The Labour leader has repeatedly come under fire for his failure to properly tackle the anti-Semitism in his party.

Over the last several years, dozens of Labour members have been suspended over their anti-Semitic statements.

Corbyn himself been criticized in the past due to his calling Hamas and Hezbollah his "friends" and for outright refusing to condemn those two terrorist organizations despite being urged to do so by local Jewish groups.

In 2016, however, the Labour leader said that he regretted making those comments.

Most recently it was revealed that Corbyn had temporarily been a member of a private Facebook group that spread anti-Semitic hate speech. Several other Labour members were a part of that group as well.

Monday’s letter was sent in the wake of an incident from 2012, in which Corbyn questioned the removal of a mural featuring classic anti-Semitic images in Tower Hamlets.

MP Luciana Berger on Friday highlighted a Facebook post from that time in which Corbyn responded to a question as to why the mural would be destroyed and wrote, “Why? You are in good company. Rockerfeller (sic) destroyed Diego Viera’s mural because it includes a picture of Lenin.”

Corbyn, who had not provided any explanation when the issue was raised two years ago, acknowledged he should have looked more closely at the image before posting on Facebook.

“In 2012 I made a general comment about the removal of public art on grounds of freedom of speech. My comment referred to the destruction of the mural Man at the Crossroads by Diego Rivera on the Rockefeller Center,” he said on Sunday.
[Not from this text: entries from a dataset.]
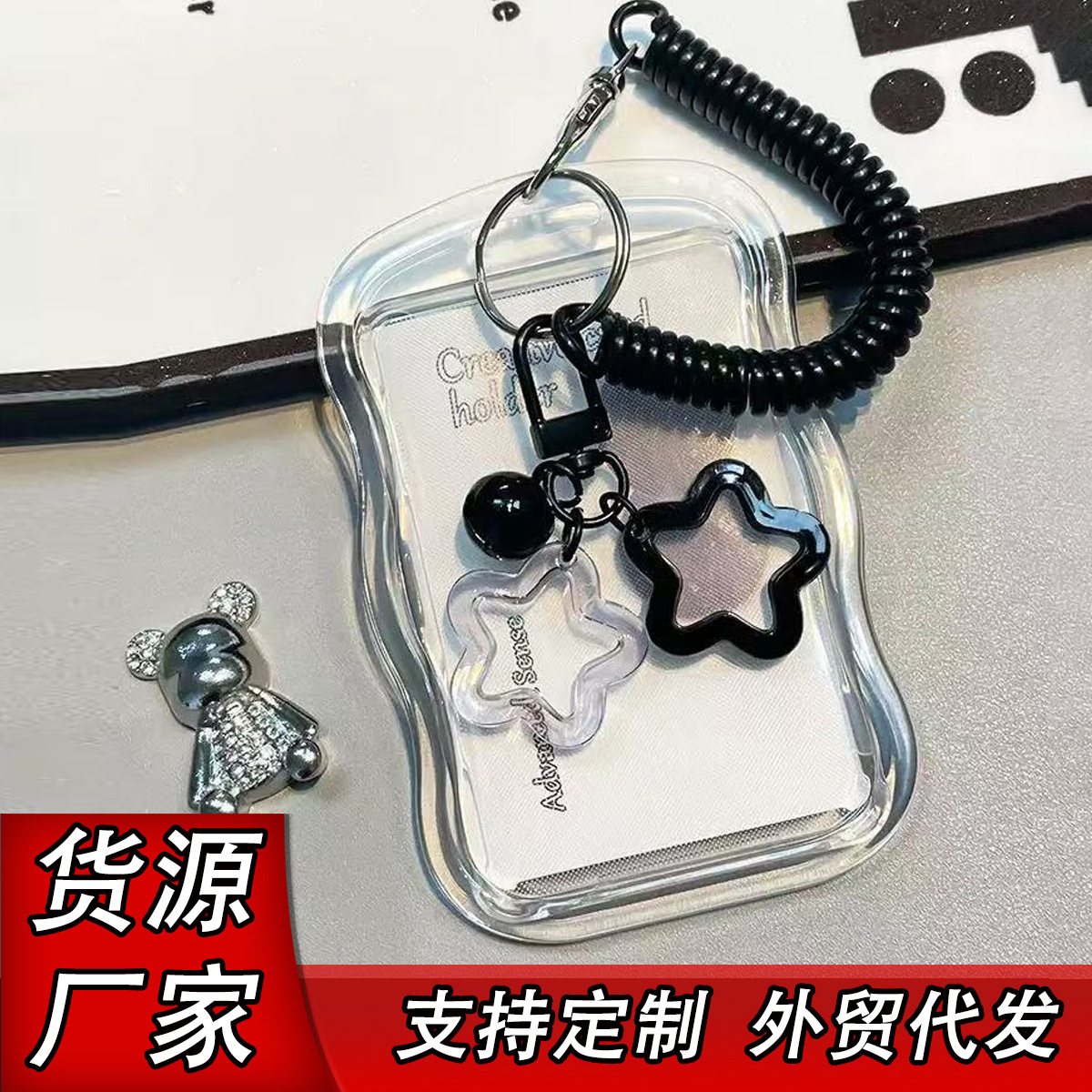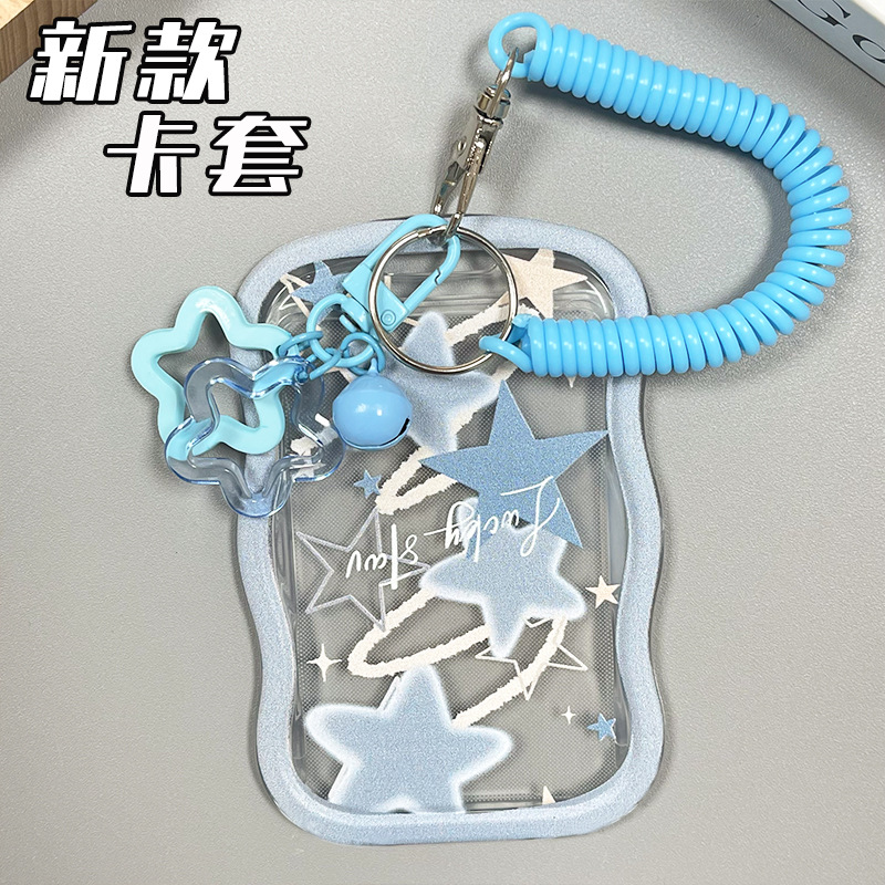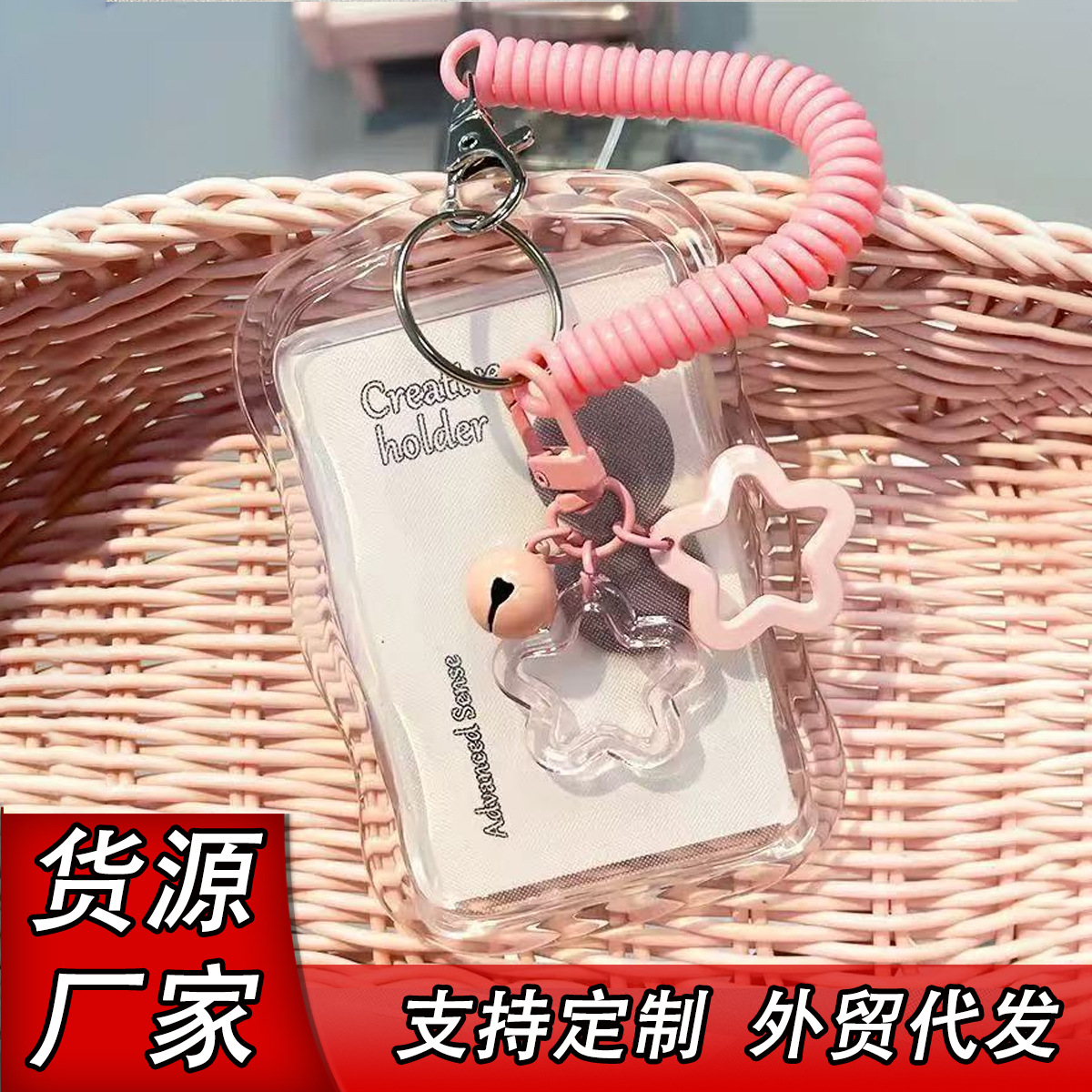 Ins透明カードセット学生地下鉄バスキャンパス食事カード追星立得小紅本スプリングペンダントキーホルダー
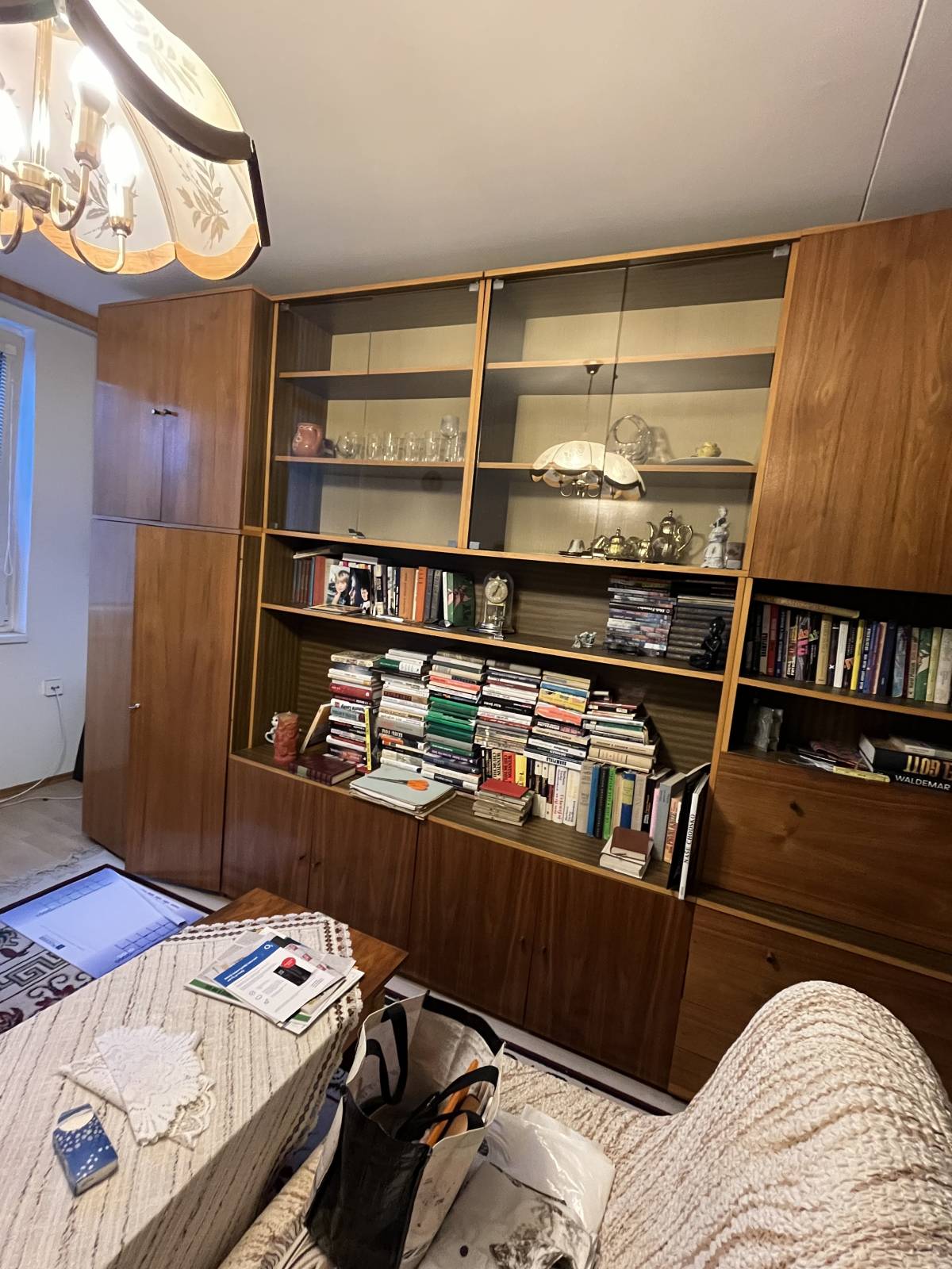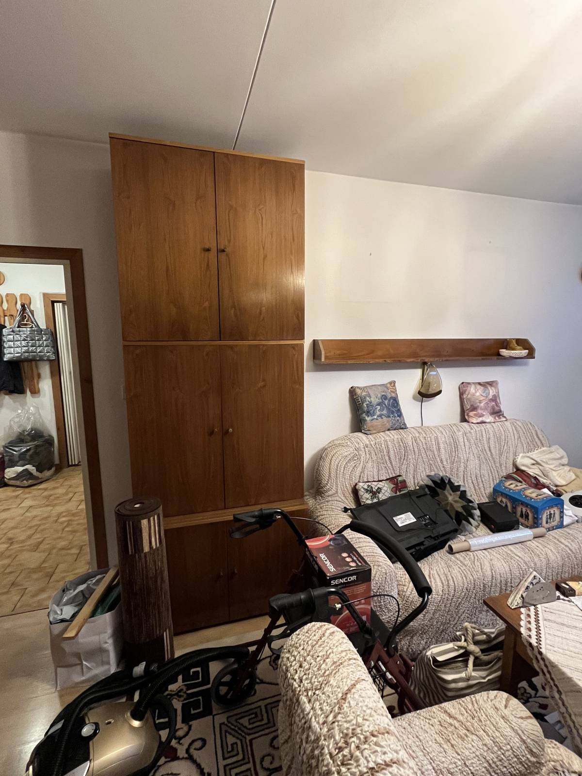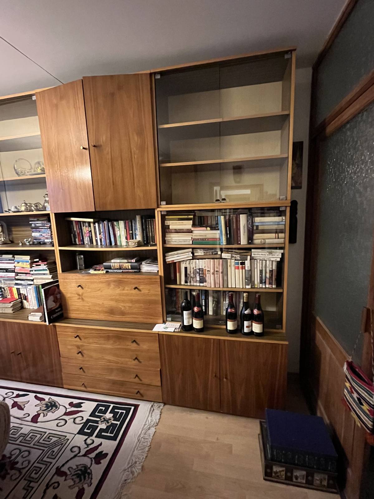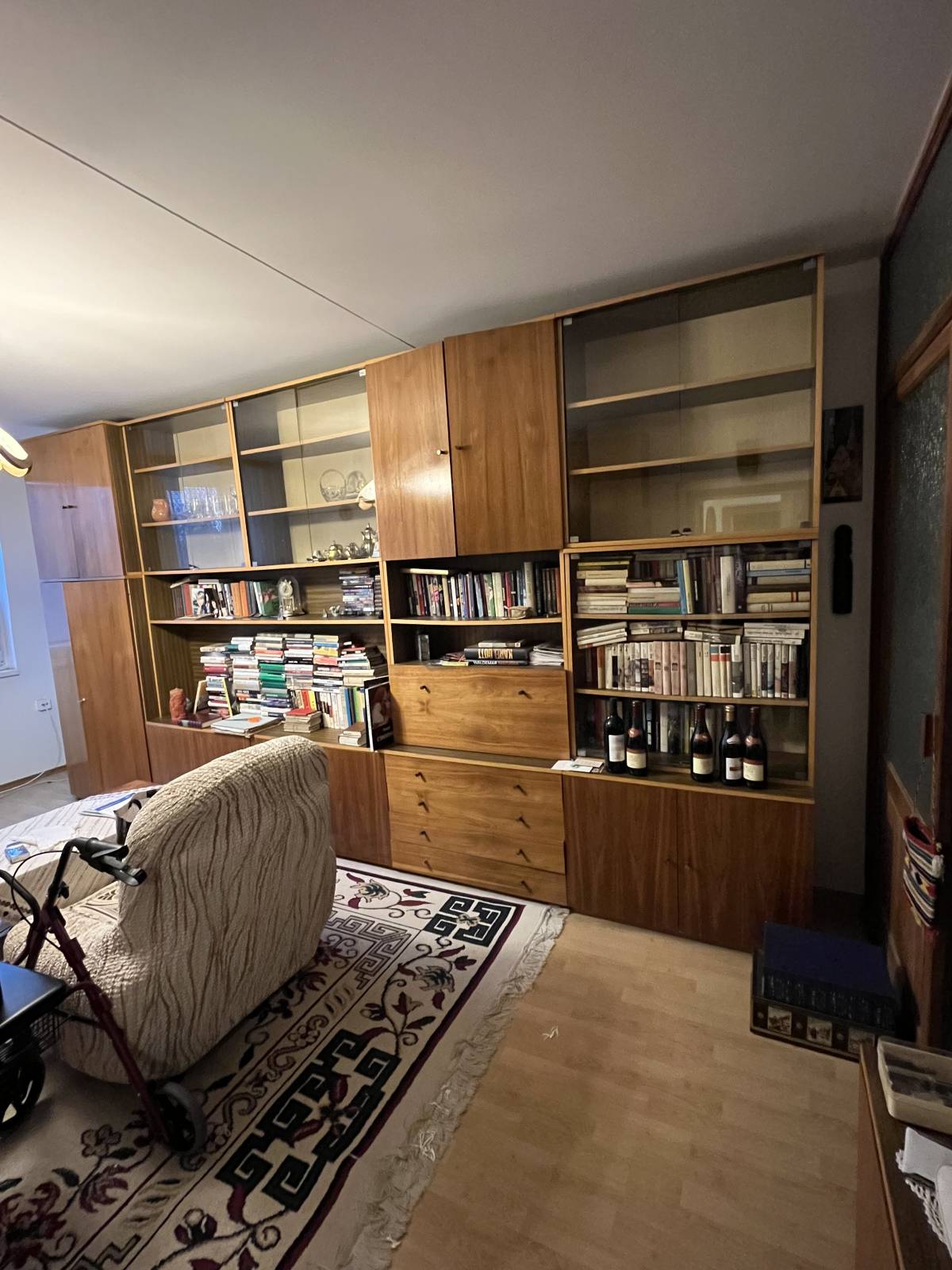 Daruji za odvoz starší obývací stěnu z pozůstalosti. Celkový stav dobrý, některé police lehce prohlé ale jinak všechny mechanismy fungují. Jedna ze skříněk je barová. Vysoká skříň je šatní.
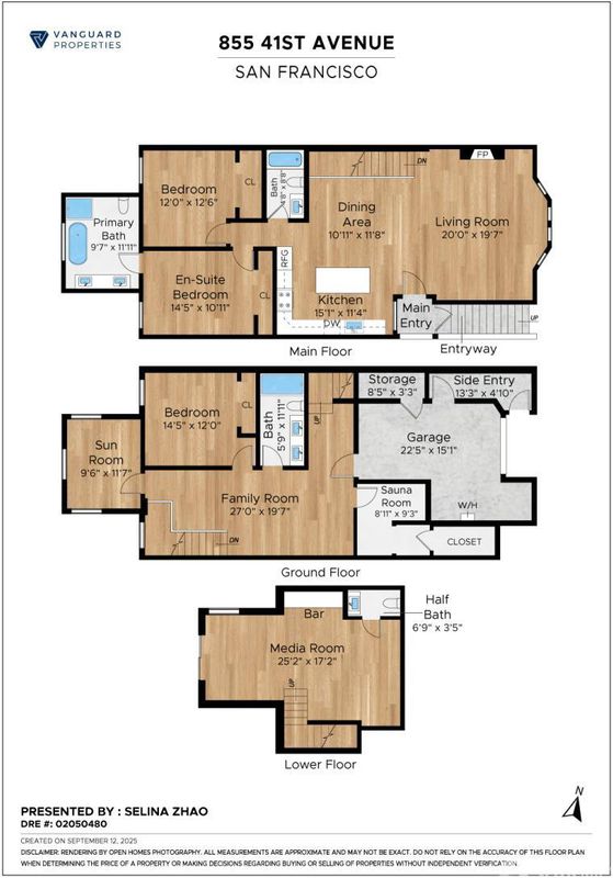 Experience the pinnacle of San Francisco living in this fully renovated, down-to-the-studs masterpiece at 855 41st Ave. Perfectly situated where sophistication meets coastal tranquility, this three-level residence offers unparalleled luxury near Ocean Beach, Golden Gate Park, top schools, Lands End, coastal hiking trails. The home boasts 4 beds 3.5 baths with a minimalistic modern design and exquisite designer touches. The main level features an expansive, open-concept living area with a sleek electric fireplace and built-in Sonos speakers, flowing into the chef's kitchen featuring top-of-the-line stainless steel smart appliances and pristine quartz countertops. The primary suite is a true sanctuary: its spa-like ensuite features a luxurious deep soaking tub, rain shower, and dual vanity. The ground level includes 2 additional bedrooms, a bath with a steam shower, and a sauna roomperfect for wellness and work-life balance. The lower level is designed for ultimate seamless indoor/outdoor entertainment, offering a living area, wet bar, and direct access to the large backyard. Engineered oak wood floors and radiant heating flow throughout. Fully seismically upgraded, a new roof, and EV charger. The sanctuary you deserve has arrived!
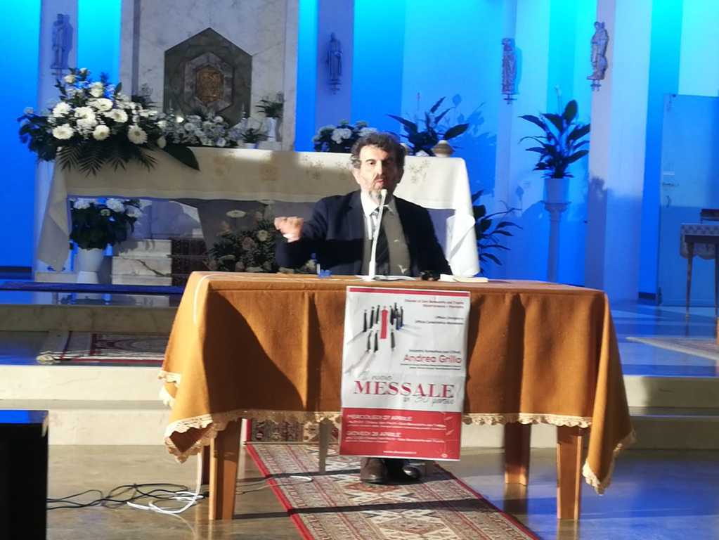 DIOCESI – Si sono conclusi ieri, presso la Chiesa San Pio X di San Benedetto del Tronto, i due incontri formativi dal titolo “Il Nuovo Messale in 30 parole”, organizzati dall’Ufficio Liturgico e dall’Ufficio Catechistico Diocesano. Il primo appuntamento, che si è svolto mercoledì 27 aprile alle ore 21:00, è stato rivolto a tutti i ministri della Liturgia: lettori, cantori, ministri della Comunione e catechisti. Il secondo, invece, avvenuto giovedì 28 aprile alle ore 10:00, è stato dedicato ai presbiteri e ai diaconi. Ospite illustre di entrambi gli appuntamenti è stato il prof. Andrea Grillo, docente di Liturgia presso il Pontificio Ateneo Sant’Anselmo in Roma e presso l’Istituto Liturgico Santa Giustina in Padova.
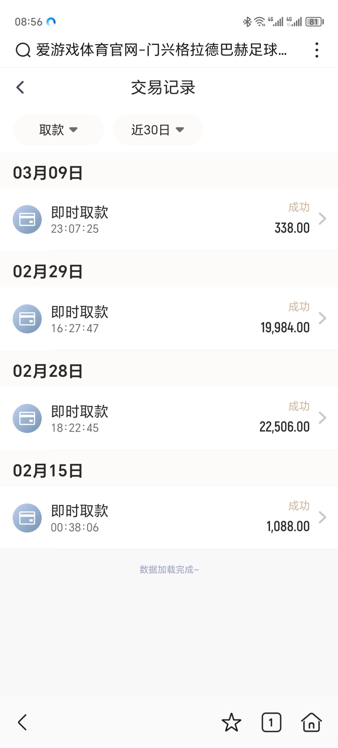 我乐鱼提了288,爱游戏提了100。

“That is in no way comparable with the mural in the original post. I sincerely regret that I did not look more closely at the image I was commenting on, the contents of which are deeply disturbing and anti-Semitic. I wholeheartedly support its removal,” he added.

Corbyn stressed he is “opposed to the production of anti-Semitic material of any kind, and the defense of free speech cannot be used as a justification for the promotion of anti-Semitism in any form. That is a view I’ve always held.”